The fundamental role of a Business Intelligence (BI) computer system is to trawl through large volumes of business data in order to provide timely and effective information analytics with which to recognise potential and lucrative opportunities earlier than the competition or to address emerging business issues before these become critical.

Traditionally BI tools were designed to retrieve, collate and present information in order to present any ‘intelligence’ through paper-based, one-dimensional, reports. Often, such reports present a retrospective business outlook that addresses a singular question, often disconnected from various other operational and strategic business factors. Moreover, development of such reports requires varying degrees of time and effort and may not always be delivered as soon as required. In contrast, this sometimes drawn-out development process takes place against the rapid speed and ever-changing environment within which modern businesses operate.

To a large degree this contrasting situation is akin to reading a book about Napoleon’s historic Russian campaign in which each separate chapter focuses exclusively on one, and just one, distinct aspect of the overall chronicle. It is left to the reader to discern the historic connections between one campaign event and any other, before or after. Failure to establish these connections may provoke more questions than answers within the reader.

In contrast, Minard’s graphical presentation, overcomes the restricted focus upon individual events through the use of effective graphical visualisation of the entire campaign, in order to provide a unique and valuable outlook upon the significant bigger picture. It successfully presents events and information in a manner that the viewer’s eyes can discern better and conceptually grasp significance faster than would have been the case otherwise.
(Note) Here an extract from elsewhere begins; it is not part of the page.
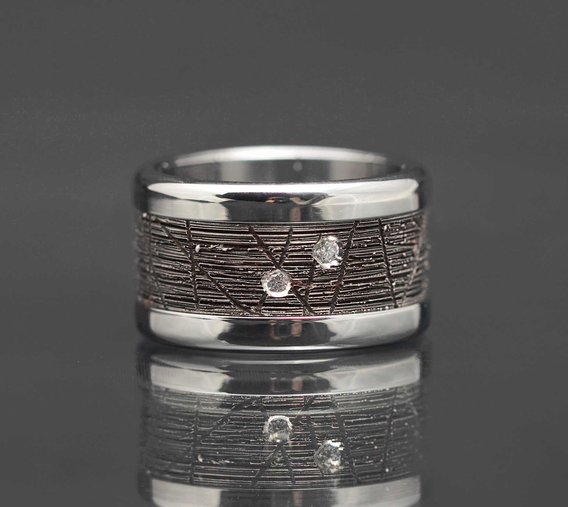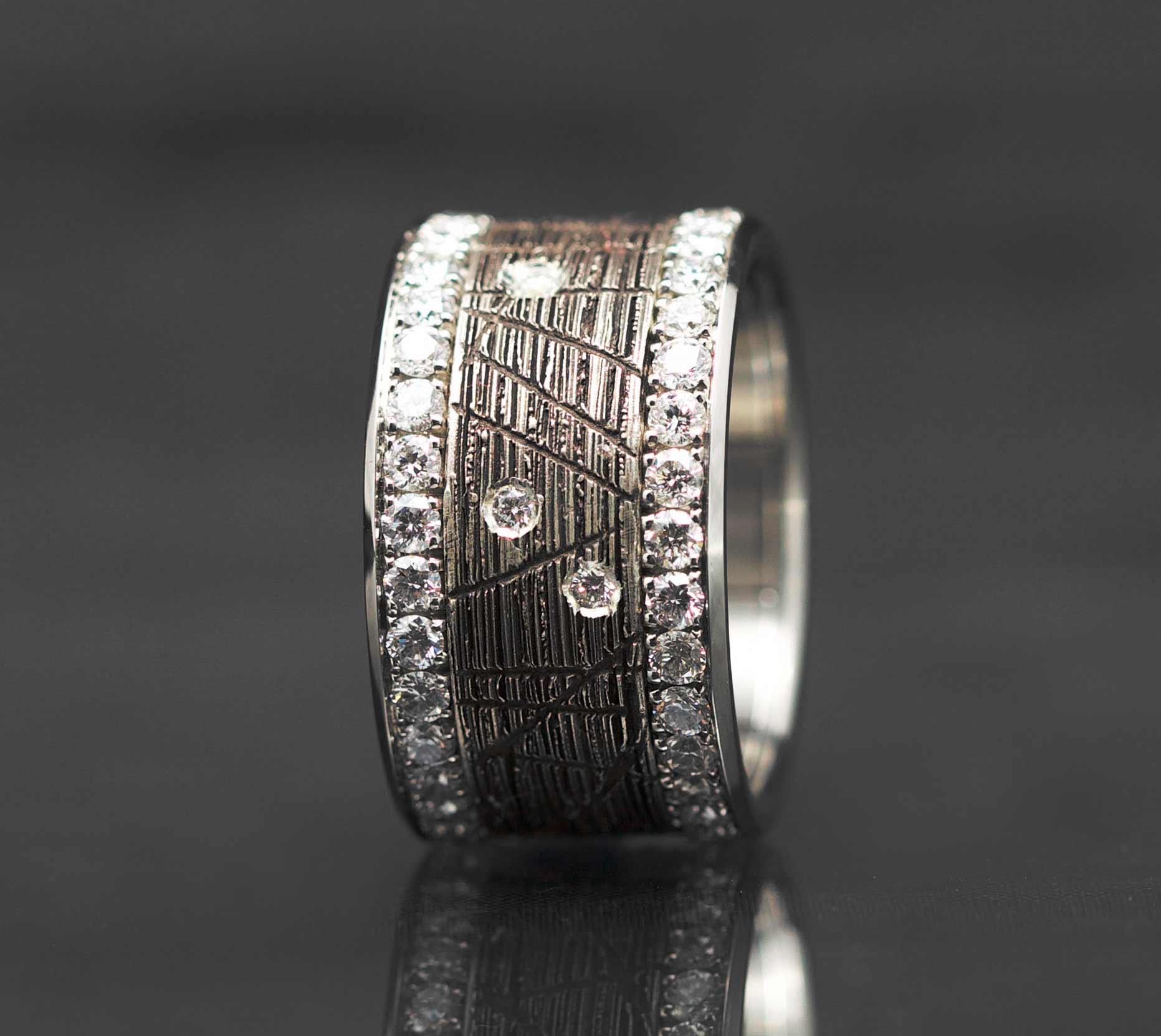 Addon argent cire perdue avec 5 diamants. La bague personnalisable mood dans sa version haut de gamme (métaux précieux, diamants, etc) peut devenir bague de fiançailles, alliance ou bagues d'union. Nous pouvons effectuer une gravure personnalisée également sur la base.

Similarly, businesses need to look beyond traditional one-dimensional reports and seek to develop highly-configurable and functional visual analytic tools that present a colourful graphical display of business information to render a higher degree of intelligence to data (often referred to as ‘data analysis’) as well as facilitate communication of dynamic business information, across a broad range of users, preferably in a real-time fashion.


Such ‘self-service’ data visualisation tools can assist tactical, operational and strategic decision-makers to picture and envision information in order to recognise emerging business and operational trends, across a multi-dimensional business view, in a faster manner than can ever be possible using traditional reports.

Visualisation can also enable decision-makers to pose ever-changing and increasingly complex business problems, without the need for the Information Technology (IT) department to be burdened with the necessity to develop or generate yet more and more reports – a number of which may even be obsolete by the time they are delivered.

Data visualisation is a far-reaching game-changer; whereas conventional reports tend to describe what has happened within the business, well-designed visualisation can additionally provide an insight into why something may have happened. The business implications are extensive and collectively these can transform the very concept of business data presentation.

A May 2013 survey by the Aberdeen Group described visualisation of business data as “… fundamental, providing a real opportunity to gain competitive advantage. When [visualisation is] used as part of a BI portfolio, almost one-third more business decisions can be based on facts, not gut feel.’

The Aberdeen survey reported that ‘organisations using visual discovery tools are 28% more likely to find timely information than their peers who solely use managed reporting’ adding that ‘[visualisation] enables business managers to find answers to unexpected questions that arise through the day-to-day turmoil that is business-as-usual for most companies.’

Data visualisation is the vital first step towards rapidly understanding, in an intuitive, clear, accurate, and efficient manner, what is happening within a business organisation, and in the process allow a spectrum of users to gain an understanding of composite information at varying levels of detail. Is it a science or an art? The answer lies in how well we understand a business and the people within.